# First Ride; Fondriest Carbon Magester



## Kiwi Rider (Sep 27, 2002)

Hello

About a week back I started saying I was getting this bike, and now I have it  .
Just going around my area totalling 8.5km, I was exceedingly impressed by the way this bike feels. It smooths out the horrible roads around here incredibly. I am used to Shimano shifting, but already like the way Campag works (Chorus).
However, it doesn't feel any lighter than my 2001 Giant TCR2, why, probably frame size differences.
But, by no means does the weight hold it back. The TCR wants to climb, but the Magister NEEDS to climb. It is suprisingly faster up hills. It NEEDS you to get out of the saddle. It has to climb, it makes you climb. It's superb. On my TCR, I have a 39x25 as my lowest gear; on the Magester its a 39x23. I thought that may have been a problem, but so far I doubt it, as around my are, when I usually would use it (hilly area), I didn't even get to my 39x22.
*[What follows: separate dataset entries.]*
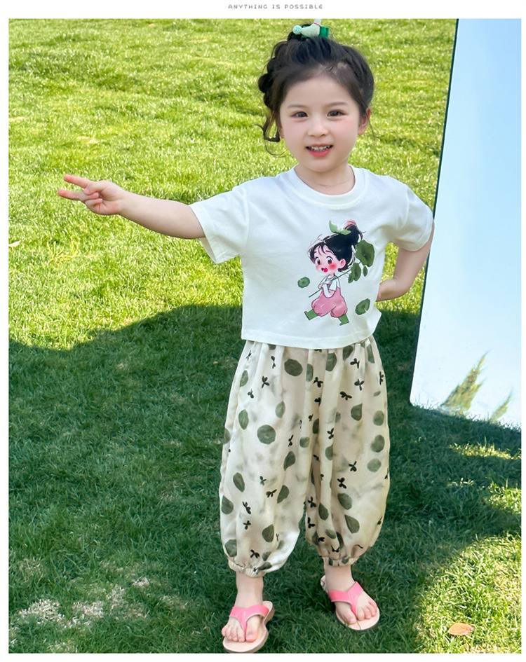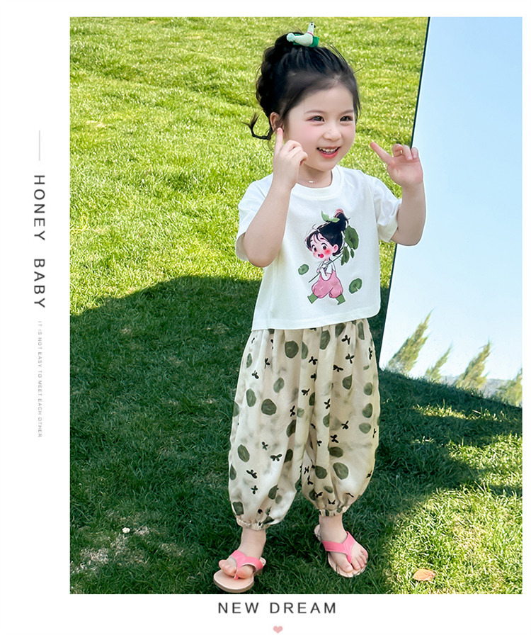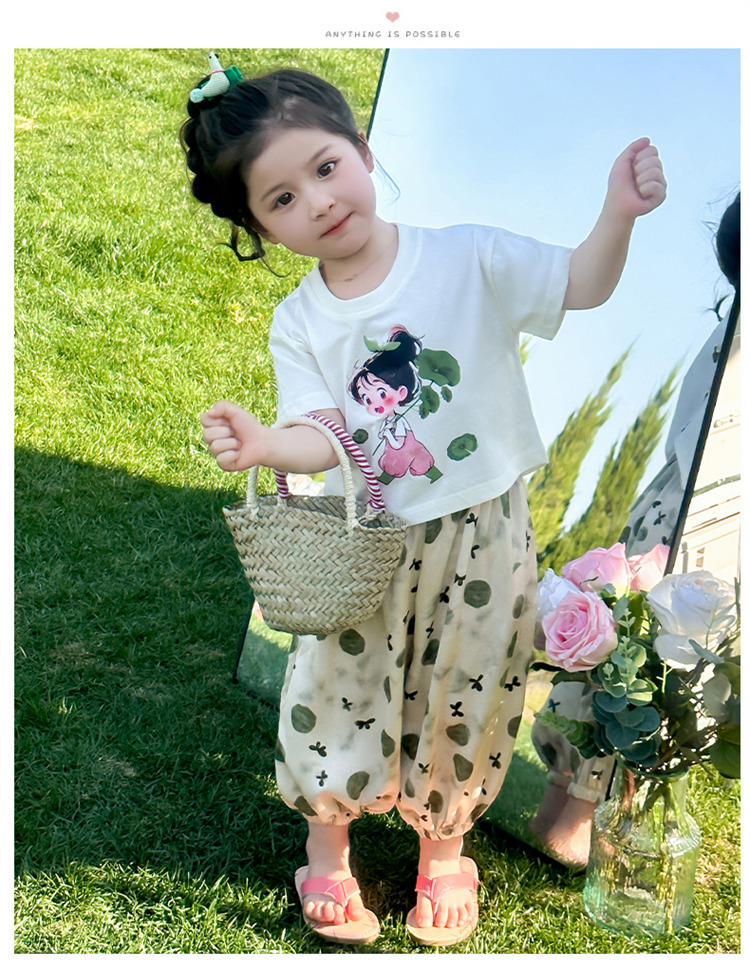 【时尚女孩活力出街,有颜值有腔调!】女童荷叶女孩套装 夏季新款时尚小女孩 洋气两件套中小儿童夏装-QQ
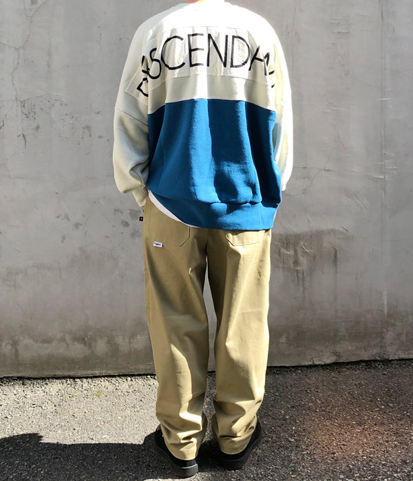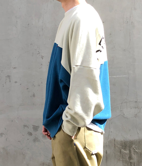 DESCENDANTから、PADDLE CREW NECKが入荷しました。リサイクル生地を身頃の上下に切り替え、PADDLEロゴのワッペンをアーチ状にデザインしたP/O TOP。ドロップショルダーのゆったりとしたデザイン。バックスタイルにアクセントを与えたシグネチャーモデル。
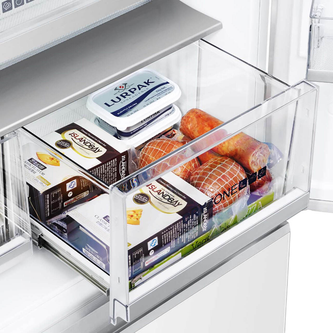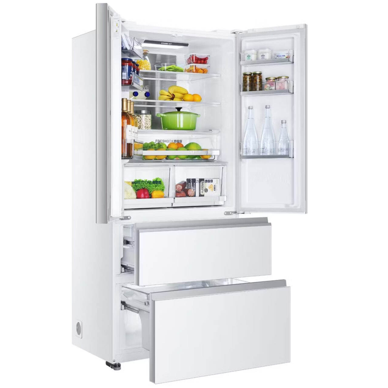 Многодверный холодильник Haier HB18FGWAAARU, белый — вместительная модель общим объемом 508 л. Прибор подойдет для большой семьи и тех, кто предпочитает закупать продукты впрок и делать сезонные заготовки. • Компрессор инверторного типа Отличается экономичным энергопотреблением класса А++ (298 кВт*ч), высокой надежностью и низким уровнем шума: он не превышает 38 дБ. • Ящики Humidity и Dry zone Представляют собой две зоны свежести: влажную и сухую. Первая предназначена для фруктов, овощей, зелени, вторая — для скоропортящихся продуктов, например, охлажденного мяса, рыбы, полуфабрикатов. • Технология Active Fresh Sensors Обеспечивает равномерное распределение прохлады по всем полкам. • Total NoFrost Избавляет от хлопот, связанных с ручным размораживанием — инея на стенках и продуктах не образуется. Холодильная камера оснащена двумя распашными дверями и оборудована тремя полками полной ширины, шестью дверными карманами (по три на двери) и тремя боксами (два — зона свежести). Яркое светодиодное освещение расположено сверху и гарантирует равномерный охват всего пространства. Морозильное отделение представлено двумя выдвижными ящиками и способна заморозить до 14 кг продуктов в сутки. Для быстрого замораживания предусмотрен специальный алюминиевый поднос Fresher PAD. Один из ящиков конвертируемый. У Haier HB18FGWAAARU электронное управление, панель удобно расположена на фасадной стороне двери. Поддерживаются функции «Суперохлаждение», «Суперзаморазивание» и «Отпуск». Первые две будут полезны при большой загрузке, последняя даст возможность не отключать прибор полностью на период отсутствия.
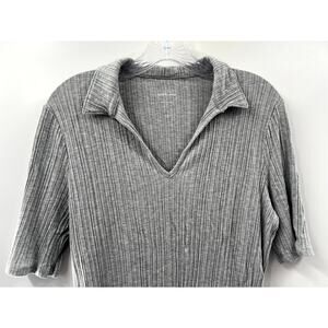 Everlane Womens Gray Solid Stretch Ribbed Short Sleeve V-Neck T-Shirt Size Large
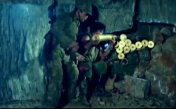 图为影片中配合坦克部队作战的我民兵队长

My set up is to concur with a 6.61m rollout (U17 NZ gearing), so I have a 50-39 and 14-23 cassette with the 14t and 15t blocked.

I believe that if you can get this, I highly recommend it.


----------



## DannyBoy (Feb 19, 2004)

And I bet you bought it from the bike shop in Ellerslie by the Cock and Bull!!!!


----------



## Kiwi Rider (Sep 27, 2002)

I know its been a long time since your reply, but yes, Wallis Cycles in Ellerslie  They're the only shop in NZ to sell Fondriest, and they have a few Dominos, Magisters and other Aluminium frames in stock now, and if you've got NZ$18000, they still have the TF1 Top Carbon frame with Campag Record (carbon cranks) and Hyperon wheels, not to mention carbon seat, etc!


----------



## fasteddie (Jun 20, 2003)

For the last several weeks I've been considering a Domino and now the Magister, and occassionally teasing myself with the Lex. Each one is a wonderful work of art. I test rode a Domino and like the ride but the geometry really wasn't appealing to me - too sloping of a TT. I'm glad you're so pleased with yours. It may give me some encouragement to get off my duff and go buy one.


----------



## Kiwi Rider (Sep 27, 2002)

If you can afford the Magister, go with it. It looks awesome and there's not much difference between the Magister and Lex apart from being a full monocoque frame as apposed to just the main triangle on the Magister. How much difference could that really make? The Domino looks nice, and I'm used to the compact geo from my TCR, but the joins are hidden by a carbon cover-up sort of thing. I supose really its a matter of test riding if you can, and price and function over looks, but then again cycling is all about looking fast! The Magister still has a sloping TT, but much less (2cm drop I think) which looks much better. There's only 30 or so grams difference between the Domino and Magister, so there's no point in arguing weight. My bike rides really well, and have just bought new wheels (2nd hand, but near new Campy Eurus). Just comparing my front 32h Chorus/Fir Zeniths to the Eurus front wheel, they actually feel lighter, which means to me there is a sizeable weight difference, and I can only guess the rear (when I get cassette on) will weigh much less too.

Best of luck


----------